Une petite histoire. Un jour, les coptes orthodoxes m’avaient invité dans leur église de […] pendant la semaine de l’unité et l’église était pleine de fidèles, dans l’immense majorité copte orthodoxe. Et alors j’ai dit : pourquoi  est-ce que cette église est copte orthodoxe ? pourquoi ne serait-elle pas pour tout le monde ? les catholiques, les protestants, qui habitent dans le quartier viendraient. Et l’église des jésuites de […] les orthodoxes, les protestants, qui sont dans le quartier viendraient. Ce serait l’église du quartier ! pas orthodoxe, catholique, protestante, une église qui soit un lieu de prière. Eh bien, l’assemblée a applaudi de toutes ses forces ! Et le curé n’était pas content.. Enfin !

maintenant j’ai une autre idée ? pourquoi est-ce que l’église ne serait pas aussi la mosquée ? et pourquoi la mosquée ne serait pas aussi l’église ? pourquoi est-ce qu’on n’aurait pas des lieux de prière qui soient des lieux pour tout le monde ? pour tous ceux qui croient, pour tous ceux qui veulent rencontrer Dieu, pour tous  ceux qui veulent vivre une communion profonde dans la foi, chacun restant ce qu’il est. Il ne s’agit pas de se faire musulman, ni pour le musulman de se faire chrétien, ni pour l’orthodoxe de se faire catholique. Mais quelque chose comme une foi au-delà de la foi telle que conçue autrefois.

Je dis ça parce que l’Evangile d’aujourd'hui nous présente un exemple de quelqu'un qui est ouvert, ouvert à l’autre, le petit, le pauvre, le domestique, ouvert à Dieu dans ce cri qu’il pousse, ouvert à une transcendance, quelle qu’elle soit, quel que soit son nom. Et je vous fais remarquer, puisqu’il s’agit aujourd'hui d’un centurion… On a un autre centurion à la fin de la vie de Jésus qui gardait la croix avec ses soldats et qui fut le premier à reconnaitre en Jésus le Fils de Dieu. Devant ce qui se passait, il a dit : celui-là est en vérité le Fils de Dieu. Le premier a avoir confessé le Christ était un païen. Et donc à l’origine, vous avez 3 mages, païens qui viennent adorer l’enfant dans la crèche, et au terme, vous avez un centurion païen qui lui aussi reconnait le Christ, le Christ, fils de Dieu, et au milieu, aujourd'hui, nous avons cet autre centurion. Et j’ai toute une série d’autres cas, d’autres histoires, d’autres noms, où nous avons des insinuations, des allusions à un message qui dépasse les étroites frontières de ce qu’on appelle aujourd'hui une religion. J’ai un petit fascicule qui regroupe 3 conférences : « vers un au-delà des religions », conférences qui j’ai faites en Europe il y a quelques années. Vers un au-delà des religions… allons-nous vers un au-delà des religions ?  le christianisme est-il  appelé à se dépasser lui-même, pour au-delà de ce qu’il y a d’étroit, d’étriqué, qu’il puisse répondre à sa vocation universelle, universelle ! le Christ est venu pour  rassembler dans l’unité les enfants de Dieu dispersés. Ça c’est beau, ça c’est la vocation de Jésus. Et toute religion qui n’est pas ouverte à cet universel fait fausse route y compris le christianisme, compris dans ce sens étroit, restrictif.

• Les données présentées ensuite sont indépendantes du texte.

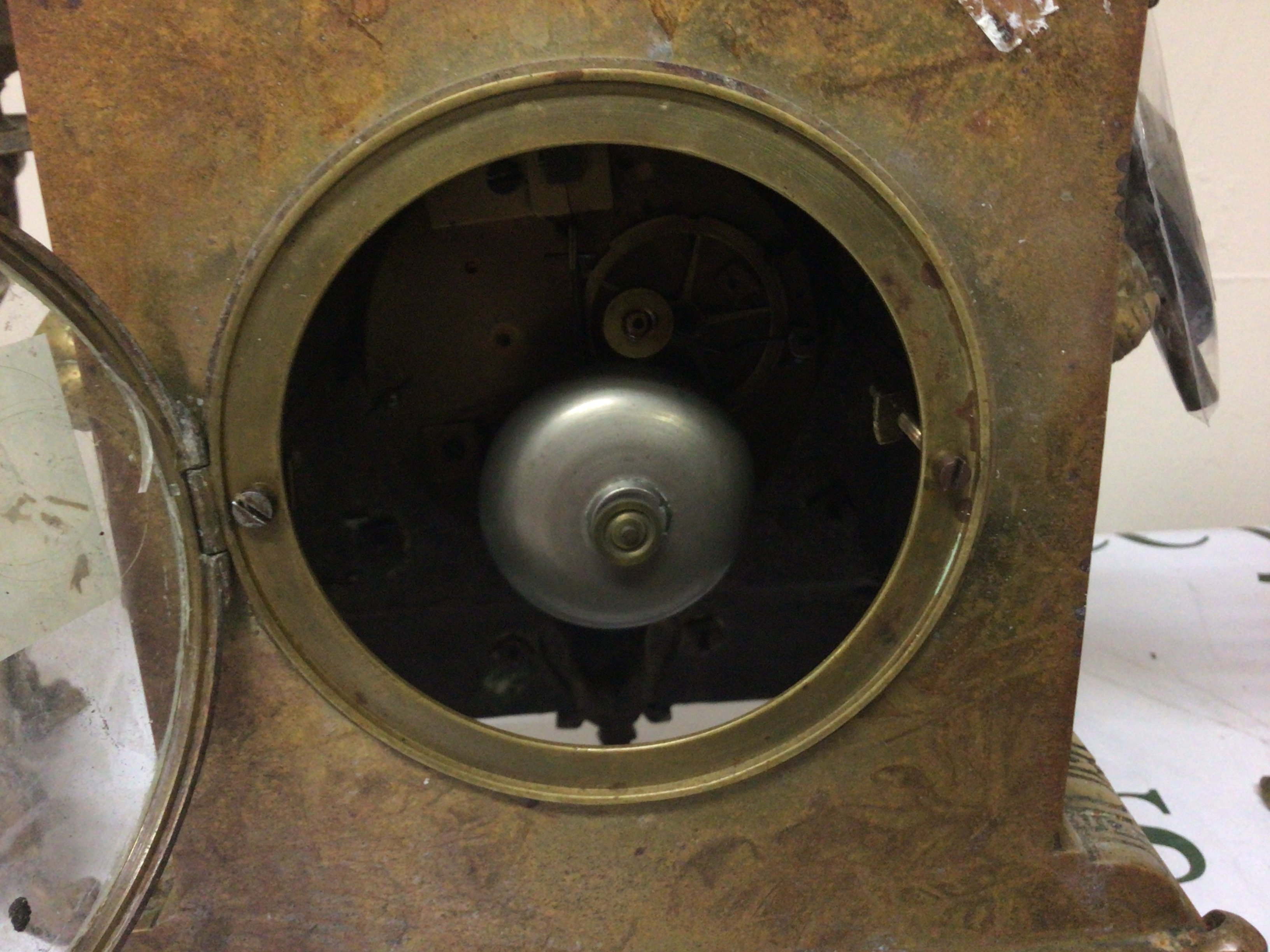A brass cased late 19th century French clock the case surmounted with loin masks and ring ornamentation and surmounted with a classic urn. With side ornaments key and pendulum. Height 42cm

Aujourd'hui, dans cette époque de mondialisation, de globalisation, d’universalisme, demandons à l’Esprit de souffler, de souffler sur l’Eglise, de souffler sur les religions, de souffler sur notre monde, pour que, chacun étant fidèle à sa vérité, puisse en suivant son étoile se retrouver avec les autres, aux pieds du petit enfant de Bethléem. Amen.